La sobrevida en casos de adenocarcinoma abdominal avanzado es casi nula en distintos estudios. O como dice entre médicos y con astringencia un oncólogo amigo mío: “el que tiene adenocarcinoma (en estado avanzado aclaro), se muere con adenocarcinoma”. Explicar esta grave situación a un paciente lleno de batalladora esperanza es difícil. Pero no se debe mentir al paciente ni ofrecer tratamientos con eficacia no comprobada.

Y en ello radica el problema del procedimiento de Sugarbaker. Considerando que la sobrevida en esos casos es cercana a cero, él afirma que su serie de pacientes operados tiene “33% de supervivencia a 5 años y 25% pueden considerarse curados”. Estas cifras son en el grupo de sus pacientes, operados por él mismo, y no han sido reproducidas con certeza en otros centros por otros cirujanos. Pero como tratamiento de casos desesperados se ha ido popularizando. Sugarbaker opera unos 70 casos al año y en EE.UU se podría llegar a diez mil cirugías anuales si se aceptara el procedimiento por hospitales y aseguradoras. Muchos de los casos tienen una historia personal conmovedora y se ha dramatizado esta cirugía de último recurso en series de televisión como Grey´s Anatomy.
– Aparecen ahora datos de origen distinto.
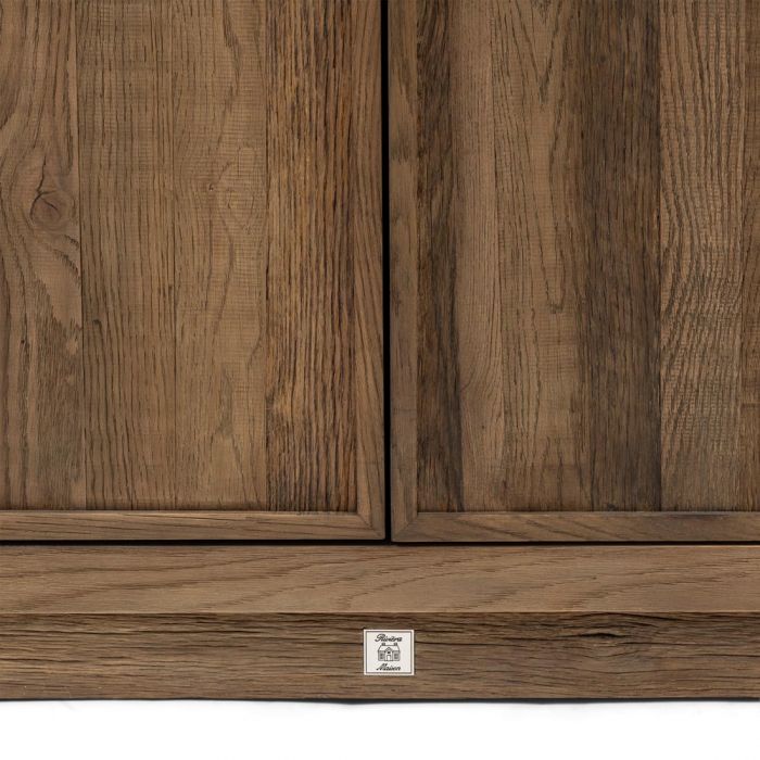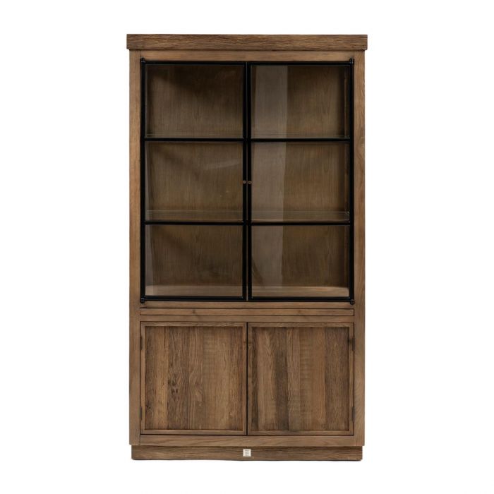 Der Clearwater Creek Schrank ist ein Beleg für die Möglichkeiten der nachhaltigen Produktion, denn dieser Schrank ist aus recycelter Alteiche gefertigt. Der Schrank ist einteilig, jedoch mit Schranktüren unten und einer Platte mit Glastüren in einem stabilen, schwarzen Metallrahmen ausgestattet.Unter dem Metallrahmen befindet sich ein Regal, das ausgezogen und als Schreibtisch verwendet werden kann.

Hace diez años se comparó en Holanda esta terapia con la quimioterapia usual intravenosa: los pacientes operados con cirugía citorreductora con quimioterapia peritoneal hipertérmica sobrevivieron en promedio dos años, y los que recibieron sólo quimioterapia sobrevivieron en promedio un año. Pero 8% de los operados murieron de complicaciones tras la cirugía (JCO October 15, 2003 vol. 21 no. 20 3737-3743). Algunos oncólogos opinan que en la última década las drogas contra el cáncer han mejorado y la comparación no es válida hoy. Los cirujanos piensan, al otro lado del dilema terapéutico, que el procedimiento se ha perfeccionado y las complicaciones son menores hoy. La controversia sigue porque no se ha podido repetir el estudio con controles adecuados. Es evidente que todos quisiéramos ser en esa situación casos tratados y no controles no tratados, lo que hace difícil reclutar pacientes para una investigación clínica controlada.

El presidente Chávez parece sufrir de un tumor maligno distinto (se especula que se trata de un sarcoma pélvico no adenocarcinoma abdominal) pero sus médicos deben colocarlo ante las cifras duras de supervivencia en casos parecidos al suyo. Sólo tras una clara visión de lo que se espera, puede uno juzgar la opción de un tratamiento extremo. Aunque como dijo Nietzsche: “La esperanza es un estimulante vital muy superior a la suerte”. Y más poderosa que los esteroides frecuentemente incluidos en muchas quimioterapias.